Con la versione 5.x Proxmox ha aggiunto il supporto per la creazione e la configurazione automatica delle macchine virtuali utilizzando cloud-init. Vedremo come utilizzarlo per la gestione di macchine virtuali con Debian (quando non indicato diversamente le istruzioni si applicano sia a Stretch che a Buster).

Il primo passo è scaricare una immagine pronta per il cloud di Debian, sono disponibili delle versioni non ufficiali a partire su
https://cdimage.debian.org/cdimage ed in particolare per Proxmox servono quelle di OpenStack, pertanto si dovranno prendere da https://cdimage.debian.org/cdimage/openstack, selezionando quella per amd64, nel formato raw o qcow2 (quest'ultima è preferibile per le minori dimensioni), scaricandole ad esempio con:

wget https://cdimage.debian.org/cdimage/openstack/current/debian-10.2.0-openstack-amd64.qcow2

insieme all'immagine si scarichino le relative checksum e firme con cui verificarne l'integrità:

wget https://cdimage.debian.org/cdimage/openstack/current/SHA512SUMS
wget https://cdimage.debian.org/cdimage/openstack/current/SHA512SUMS.sign

e si passi a verificare il tutto con i comandi:

gpg --verify SHA512SUMS.sign SHA512SUMS
sha512sum -c SHA512SUMS --ignore-missing 

Se gpg dice che è impossibile controllare la firma perché non c'è la chiave pubblica, questa deve essere importata dal keyring di Debian con qualcosa come gpg --keyserver keyring.debian.org --recv-keys DF9B9C49EAA9298432589D76DA87E80D6294BE9B (dove il numero della chiave è quello riportato dal comando in caso di fallimento). Si tenga presente che comunque, a meno di non averne impostato un livello di fiducia, gpg avvertirà che non c'è nessuna sicurezza relativa al fatto che la chiave appartenga davvero al proprietario, quello che comunque si deve verificare è che il comando indichi una firma valida.

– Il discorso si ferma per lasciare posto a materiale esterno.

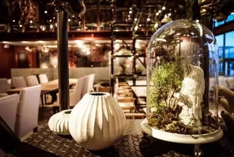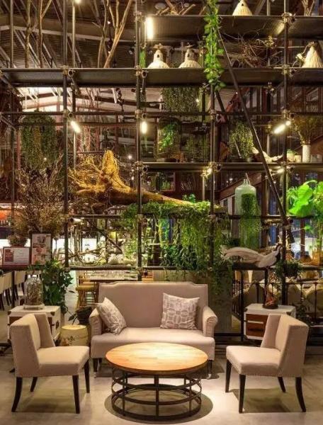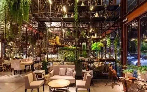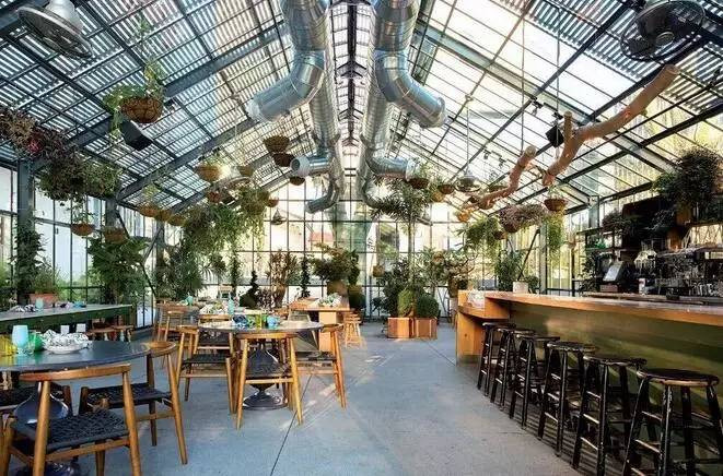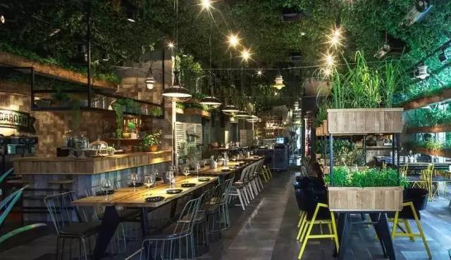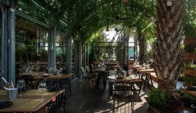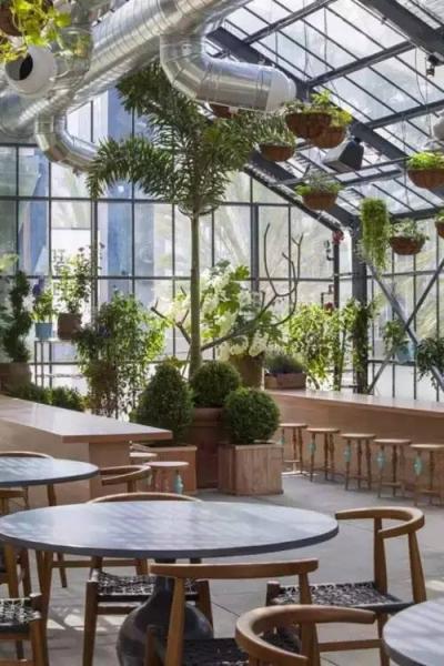 這個郁郁蔥蔥充滿生命力的餐廳從地面、墻面,到天花板都妝點了植物,創造出一個生機盎然的、一個玻璃容器般的溫室餐廳。

Come primo passo occorre creare una macchina virtuale da cui si genererà il template, ne vanno impostate anzitutto memoria e tipo di rete, facendo riferimento ad una (o più) delle interfacce di bridge disponibili (a seconda di dove la si vuole creare di default, il bridge potrà comunque essere cambiato in seguito, e se ne possono indicare più di uno se servono più interfacce), questo si fa, utilizzando un VMID non allocato, con:

qm create 4242 --memory 512 --net0 virtio,bridge=vmbr0 # --net1 virtio,bridge=vmbr1 #,  etc.

poi si potrà ottenere il disco della nostra importando nello storage l'immagine scaricata, in questo caso se si sta usando LVM come backend per i dischi associato allo storage local-lvm (come avviene in una installazione di default) lo si potrà fare eseguendo:

root@proxmox ~ # qm importdisk 4242 debian-9.7.0-openstack-amd64.qcow2 local-lvm
  Using default stripesize 64.00 KiB.
  Logical volume "vm-4242-disk-0" created.
    (100.00/100%)

(si usi al posto di local-lvm un eventuale altro tipo di storage), questo creerà l'immagine del disco con lo stesso schema di denominazione usato nella creazione delle macchine virtuali dall'interfaccia web (vm-4242-disk-0), convertendo il contenuto del file scaricato (si possono convertire tutti i formati supportati da qemu-img, primi fa tutti .raw e .qcow2), per poter usare il disco nella macchina virtuale precedentemente creata occorrerà poi collegarcelo, con il comando:

root@proxmox ~ # qm set 4242 --scsihw virtio-scsi-pci --scsi0 local-lvm:vm-4242-disk-0,discard=on
update VM 4242: -scsi0 local-lvm:vm-4242-disk-0,discard=on -scsihw virtio-scsi-pci

(si ometta il ,discard=on se lo storage utilizzato non supporta l'uso di discard).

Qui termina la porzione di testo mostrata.